+++ Data under study +++

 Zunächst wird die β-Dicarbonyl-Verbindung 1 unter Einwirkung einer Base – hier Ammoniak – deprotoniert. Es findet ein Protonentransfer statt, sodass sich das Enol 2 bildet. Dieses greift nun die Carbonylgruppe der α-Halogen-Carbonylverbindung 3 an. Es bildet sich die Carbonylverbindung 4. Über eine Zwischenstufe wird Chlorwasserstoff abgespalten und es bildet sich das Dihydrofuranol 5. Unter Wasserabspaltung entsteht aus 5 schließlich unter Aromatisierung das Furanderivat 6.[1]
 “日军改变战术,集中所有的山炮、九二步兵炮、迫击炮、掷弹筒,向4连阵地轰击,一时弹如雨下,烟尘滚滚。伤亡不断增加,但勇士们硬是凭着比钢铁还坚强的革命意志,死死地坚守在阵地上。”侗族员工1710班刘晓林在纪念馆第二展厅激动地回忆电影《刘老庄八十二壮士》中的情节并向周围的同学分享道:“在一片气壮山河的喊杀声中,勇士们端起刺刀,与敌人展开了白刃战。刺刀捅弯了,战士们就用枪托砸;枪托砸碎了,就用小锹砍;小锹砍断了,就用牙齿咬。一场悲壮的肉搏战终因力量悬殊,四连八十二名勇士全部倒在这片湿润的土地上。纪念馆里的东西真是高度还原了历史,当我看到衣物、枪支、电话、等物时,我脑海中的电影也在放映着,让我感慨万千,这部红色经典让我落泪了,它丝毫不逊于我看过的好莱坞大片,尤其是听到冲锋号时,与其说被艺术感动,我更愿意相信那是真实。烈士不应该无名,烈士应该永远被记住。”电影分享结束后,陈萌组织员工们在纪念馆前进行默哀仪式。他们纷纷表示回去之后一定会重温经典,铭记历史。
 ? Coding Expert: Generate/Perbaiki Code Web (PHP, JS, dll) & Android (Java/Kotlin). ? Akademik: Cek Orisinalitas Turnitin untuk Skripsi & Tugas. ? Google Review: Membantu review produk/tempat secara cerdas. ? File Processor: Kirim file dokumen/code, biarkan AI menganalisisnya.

+++
+++ Data under study +++

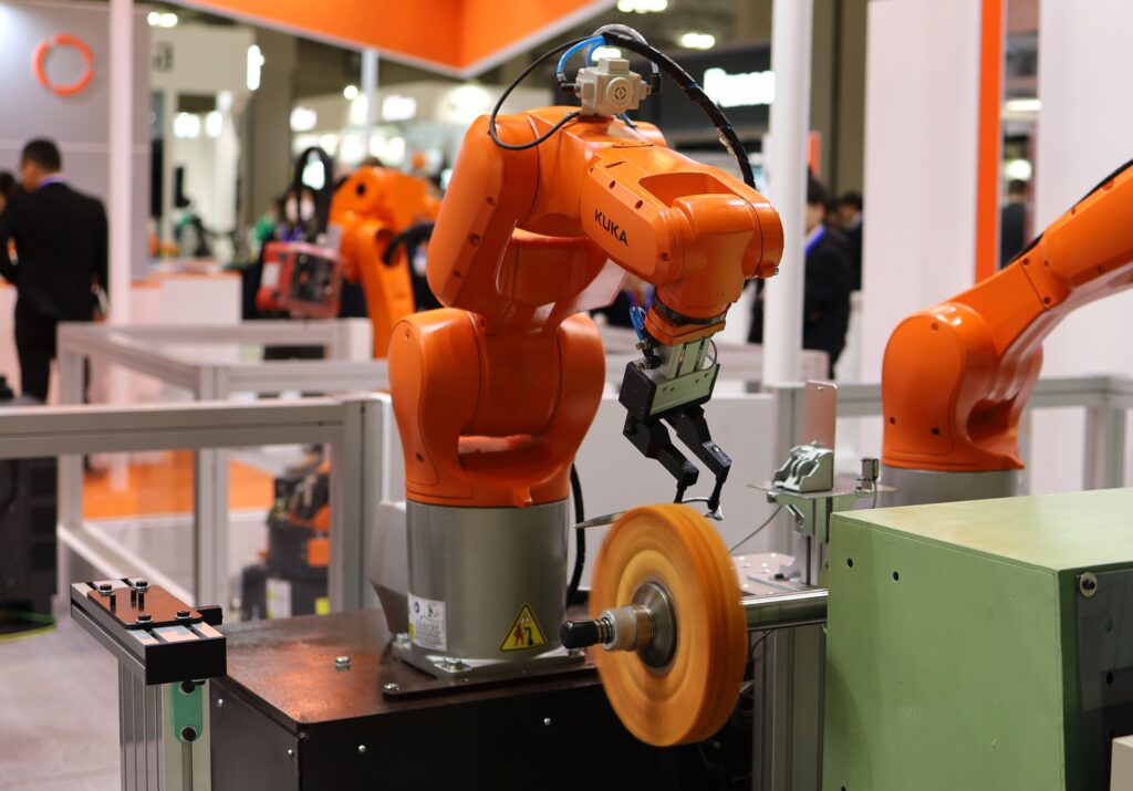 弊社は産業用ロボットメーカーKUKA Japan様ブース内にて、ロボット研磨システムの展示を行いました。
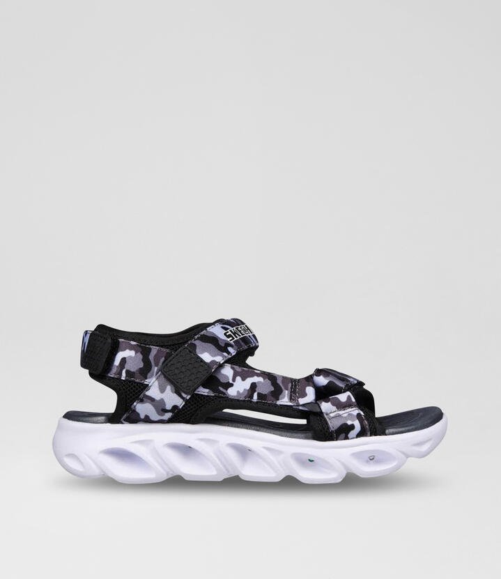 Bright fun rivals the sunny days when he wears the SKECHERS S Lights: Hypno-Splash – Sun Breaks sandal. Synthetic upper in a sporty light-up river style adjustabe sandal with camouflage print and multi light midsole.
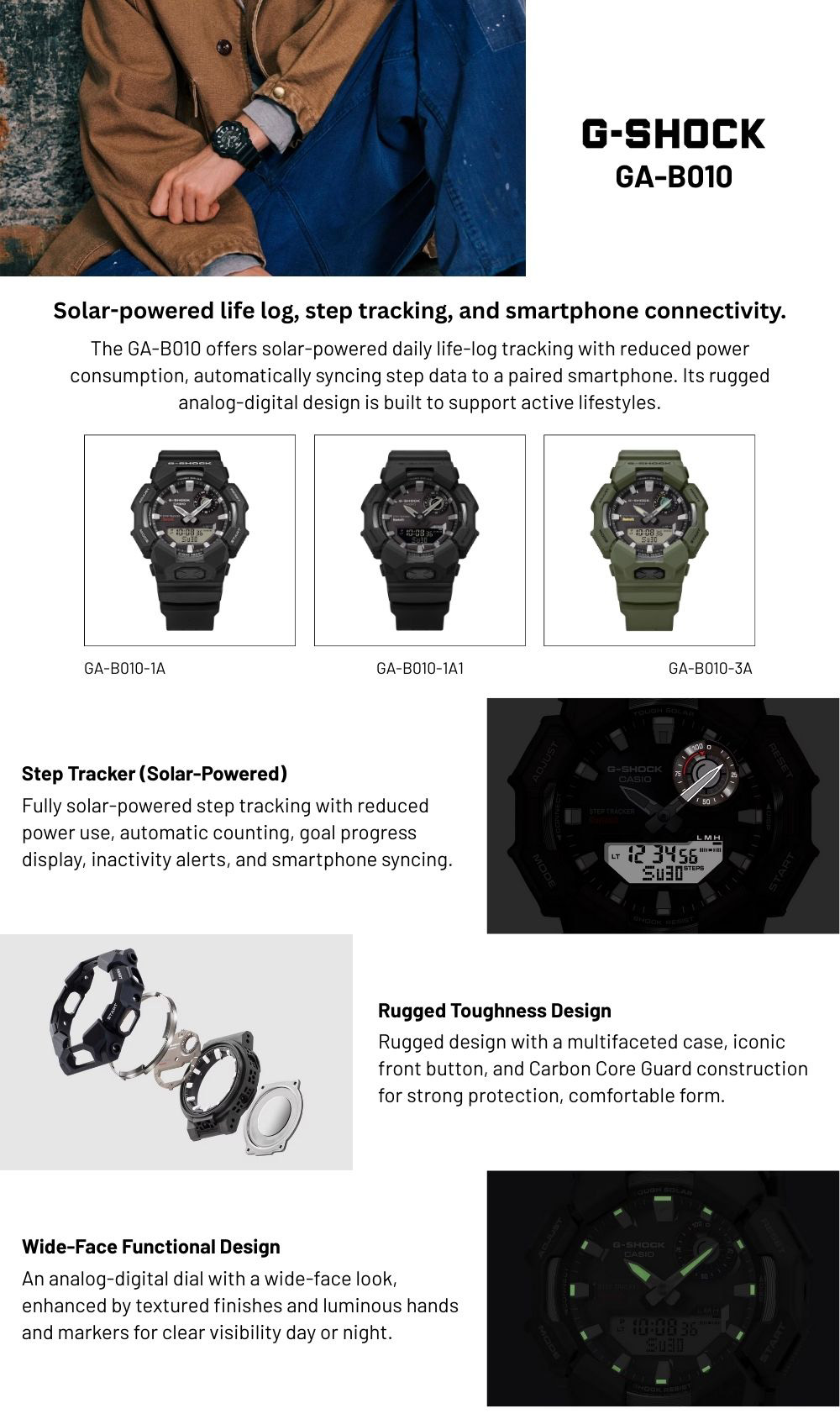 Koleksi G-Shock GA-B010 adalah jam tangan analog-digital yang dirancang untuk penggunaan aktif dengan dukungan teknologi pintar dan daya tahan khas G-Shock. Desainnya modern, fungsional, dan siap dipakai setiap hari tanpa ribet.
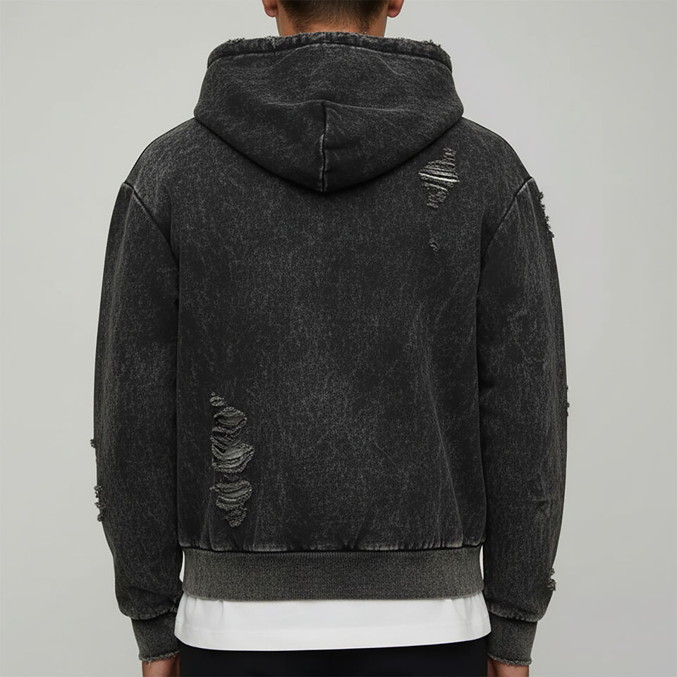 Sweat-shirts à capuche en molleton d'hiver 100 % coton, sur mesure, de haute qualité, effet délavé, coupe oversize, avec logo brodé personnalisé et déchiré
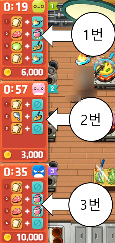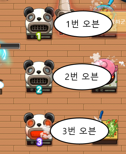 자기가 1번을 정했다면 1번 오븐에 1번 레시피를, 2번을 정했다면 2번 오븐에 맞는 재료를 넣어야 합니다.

+++

Brief | For the material above, reproduce exactly the lines from the line with "Zunächst wird die" to the line with "biarkan AI menganalisisnya.", inclusive, and exclude all others.

Your solution |
 Zunächst wird die β-Dicarbonyl-Verbindung 1 unter Einwirkung einer Base – hier Ammoniak – deprotoniert. Es findet ein Protonentransfer statt, sodass sich das Enol 2 bildet. Dieses greift nun die Carbonylgruppe der α-Halogen-Carbonylverbindung 3 an. Es bildet sich die Carbonylverbindung 4. Über eine Zwischenstufe wird Chlorwasserstoff abgespalten und es bildet sich das Dihydrofuranol 5. Unter Wasserabspaltung entsteht aus 5 schließlich unter Aromatisierung das Furanderivat 6.[1]
 “日军改变战术,集中所有的山炮、九二步兵炮、迫击炮、掷弹筒,向4连阵地轰击,一时弹如雨下,烟尘滚滚。伤亡不断增加,但勇士们硬是凭着比钢铁还坚强的革命意志,死死地坚守在阵地上。”侗族员工1710班刘晓林在纪念馆第二展厅激动地回忆电影《刘老庄八十二壮士》中的情节并向周围的同学分享道:“在一片气壮山河的喊杀声中,勇士们端起刺刀,与敌人展开了白刃战。刺刀捅弯了,战士们就用枪托砸;枪托砸碎了,就用小锹砍;小锹砍断了,就用牙齿咬。一场悲壮的肉搏战终因力量悬殊,四连八十二名勇士全部倒在这片湿润的土地上。纪念馆里的东西真是高度还原了历史,当我看到衣物、枪支、电话、等物时,我脑海中的电影也在放映着,让我感慨万千,这部红色经典让我落泪了,它丝毫不逊于我看过的好莱坞大片,尤其是听到冲锋号时,与其说被艺术感动,我更愿意相信那是真实。烈士不应该无名,烈士应该永远被记住。”电影分享结束后,陈萌组织员工们在纪念馆前进行默哀仪式。他们纷纷表示回去之后一定会重温经典,铭记历史。
 ? Coding Expert: Generate/Perbaiki Code Web (PHP, JS, dll) & Android (Java/Kotlin). ? Akademik: Cek Orisinalitas Turnitin untuk Skripsi & Tugas. ? Google Review: Membantu review produk/tempat secara cerdas. ? File Processor: Kirim file dokumen/code, biarkan AI menganalisisnya.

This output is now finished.